Enquanto os caminhoneiros protestavam contra o aumento do diesel – que é vendido mais barato no Paraguai, que o importa de nós -, o MST protestava contra a burguesia e o imperialismo. Aos caminhoneiros, foi aplicada a multa de R$ 10 mil por dia de paralisação; ao MST, foi fornecida a remuneração acima.

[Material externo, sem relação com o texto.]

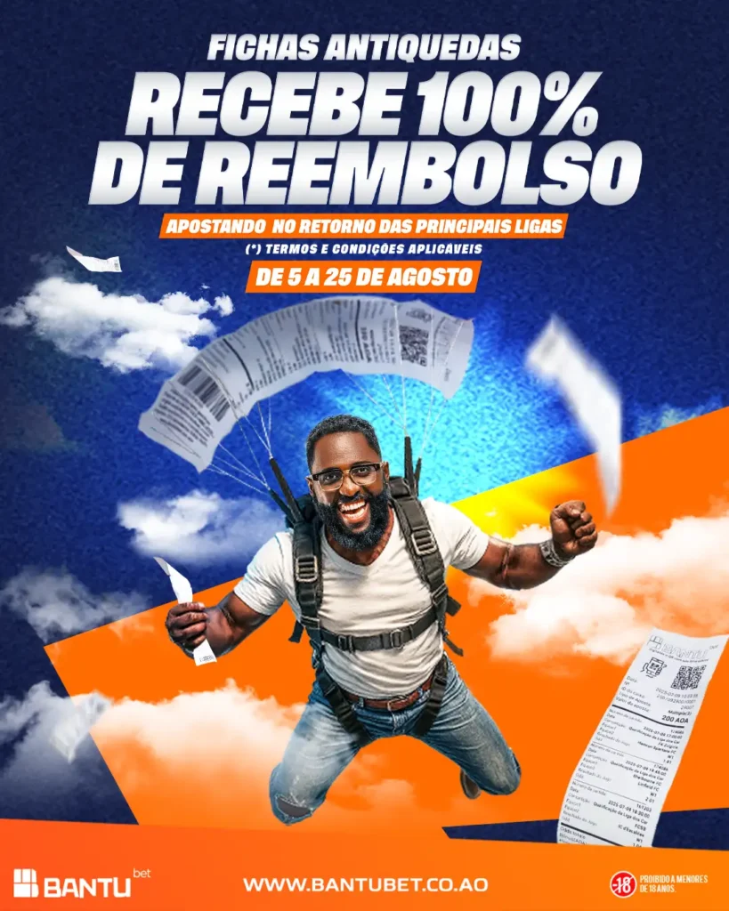 - O reembolso é feito em Aposta Grátis de até 20.000 Kz e creditado em até 24 horas.
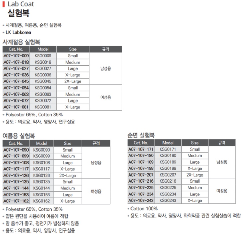 ■ 사계절용, 여름용, 순면 실험복
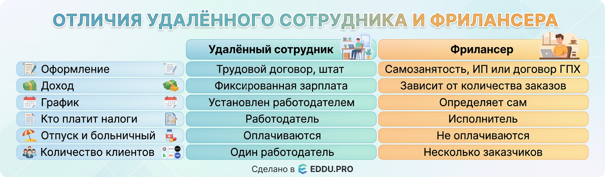 Фрилансер может сотрудничать с одной крупной компанией на долгосрочном проекте или параллельно вести несколько небольших заказов. Главное — он свободен в принятии решений, но и всю ответственность несёт сам.
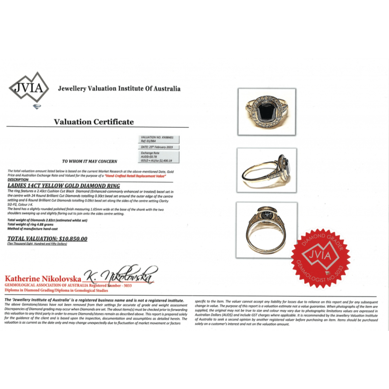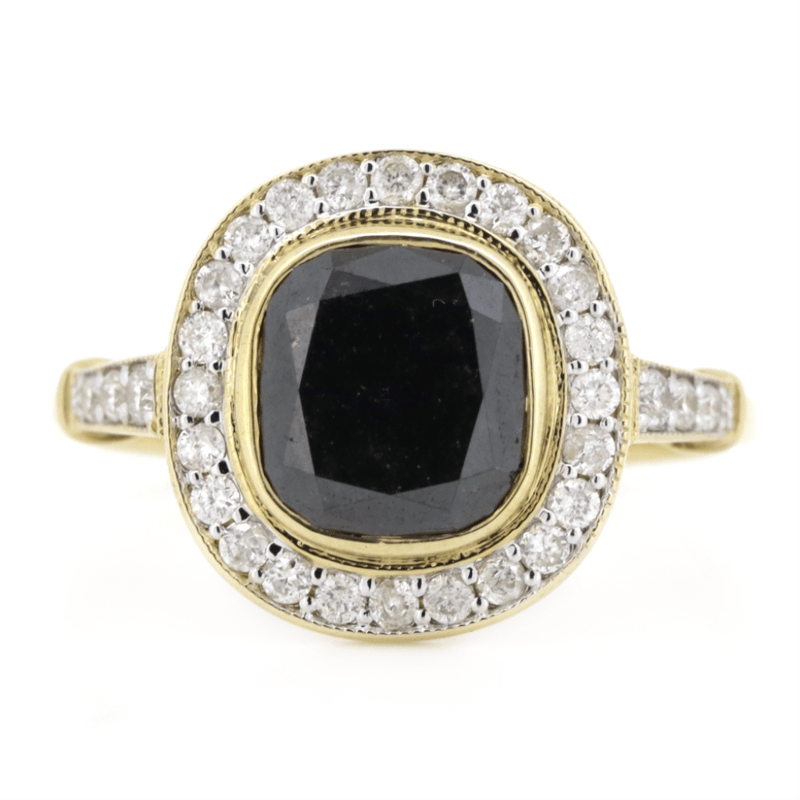 The Centre Features, One Cushion Cut, Black, Diamond (2.43Ct, Enhanced, Opaque), Bezel Set. Surrounding The Centre In A Halo And Decorating The Shoulders Are, 30 Round Brilliant Cut, Diamonds (0.39Ct Tdw, J-K Colour, Si2-P2 Clarity), Bead Set. Ring Size O.
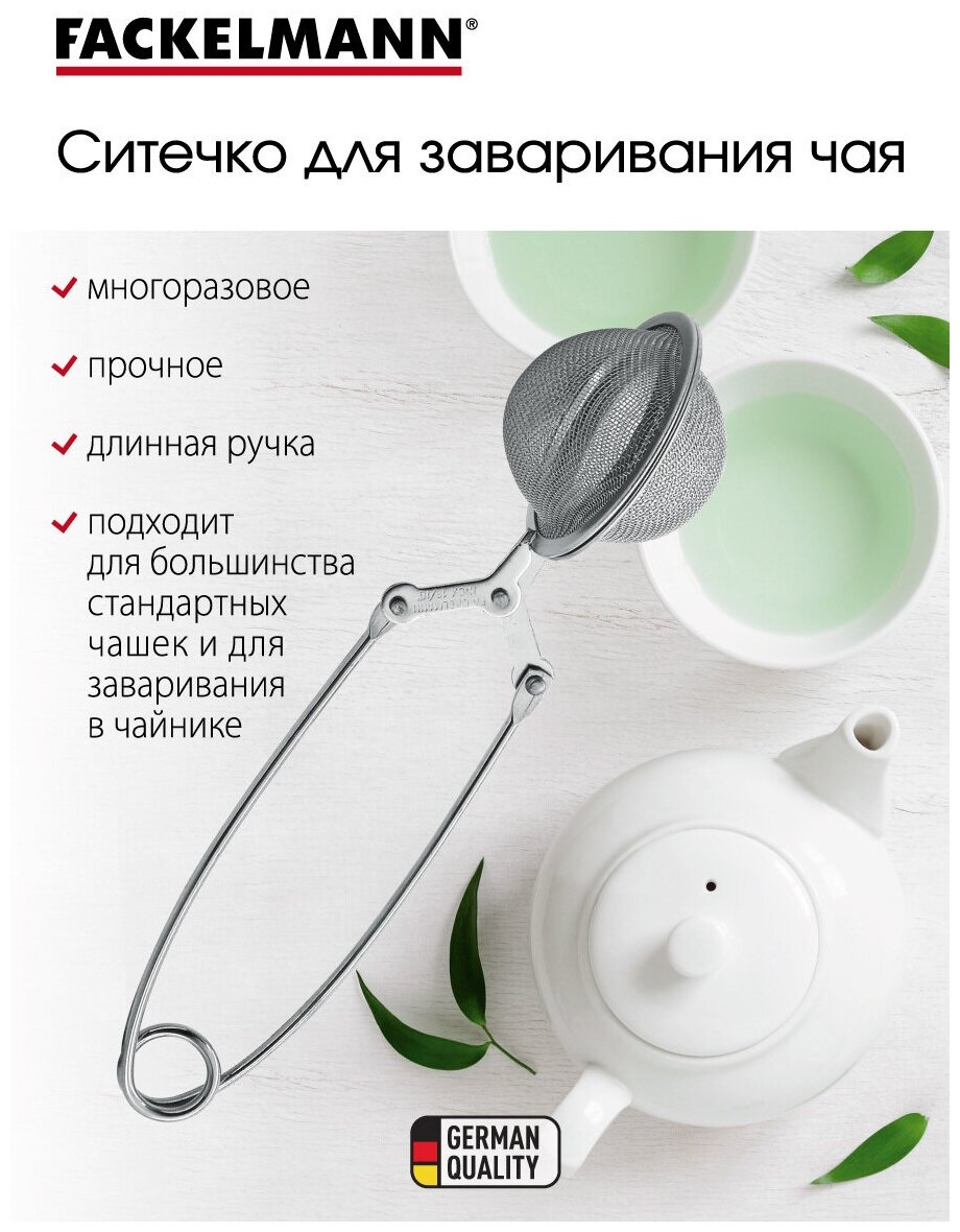 FACKELMANN Ситечко для заварки, 15,5 см, диаметр 4 см, ситечко щипцы для заваривания чая, фильтр для чая, заварка в чашке интересное:
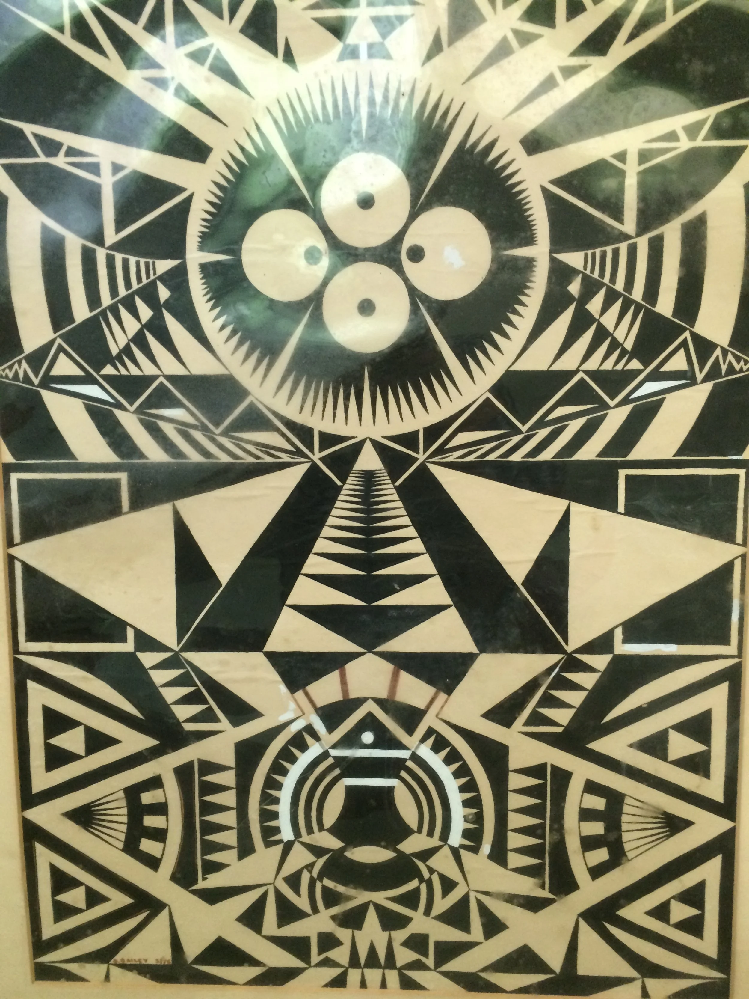 The original image was 16x24 in., done in ink on paper, created ca. 1974.  For many years it hung on the wall of a friend’s house.  Eventually, the acetate it was wrapped in began to disintegrate and it was put into a closet. After many years, the artist discovered it while visiting the friend, and photographed it, below left.

O roubo não é um componente ideológico. Não é de esquerda, nem de direita: é simplesmente um crime, capitulado nos códigos penais de países “de esquerda” e “de direita”. A população, em sua esmagadora maioria, nem sabe o que são esses conceitos. Mas sabe muito bem o que é embromação, malandragem – e sabe distinguir bem a retórica do mentiroso.

Sabe constatar gestos de cara de pau, quando, por exemplo, os predadores da Petrobras convocam um ato em defesa da empresa que eles mesmos liquidaram. Quando Lula, no ato da ABI, em que convocou o “exército do Stédile”, diz que “a Petrobras é nossa”, está sendo sincero pelo avesso. Comete um ato falho, sem o perceber. A frase embute uma confissão, que explica o que a CPI está apurando na Câmara dos Deputados.

O PT, na oposição, se dizia diferente dos demais partidos. No governo, mostrou não era: era igual no que eles tinham de pior. É hoje aliado dos que, no passado, classificava de ladrões. Hoje, diante do Petrolão, um escândalo sem precedentes, se esforça para mostrar que é igual a todos, que apenas deu sequência a uma prática já instalada. Com isso, piora o que já é ruim.

Quando alguém se defende de um ilícito com o argumento de que outros também o praticaram, não está propriamente se proclamando inocente. Quando esse alguém é governo, acrescenta ao delito de que é acusado outro: o de prevaricação.

Se seu predecessor, de fato, delinquiu, e ele, 13 anos depois, o revela, sem ter tomado qualquer providência punitiva, é, no mínimo, cúmplice por omissão.

São contradições como essas, que o desespero produz, que, por acúmulo, levaram à insatisfação popular expressa na última pesquisa. A manifestação de amanhã, aguardada com imensa expectativa, não pertence a nenhum dos partidos de oposição, embora seja legítimo que estes a ela se associem.

Mas, entre seus recados explícitos, está a decretação não apenas da falência moral do PT e do governo, mas de todo o sistema político que os viabilizou. A oposição tem que olhar com humildade e autocrítica este momento, se pretende a ele sobreviver. E o PT deve começar a providenciar a operação-retirada, ainda que permaneça figurativamente no governo.


Não se governa com 7%. Nesses termos, é preciso baixar a crista e buscar socorro político enquanto é tempo. E o socorro político hoje não está na Praça dos Três Poderes, mas na sociedade, que exige novos rumos (e novos governantes) para o país. Esse o recado das ruas, que assistiremos neste domingo.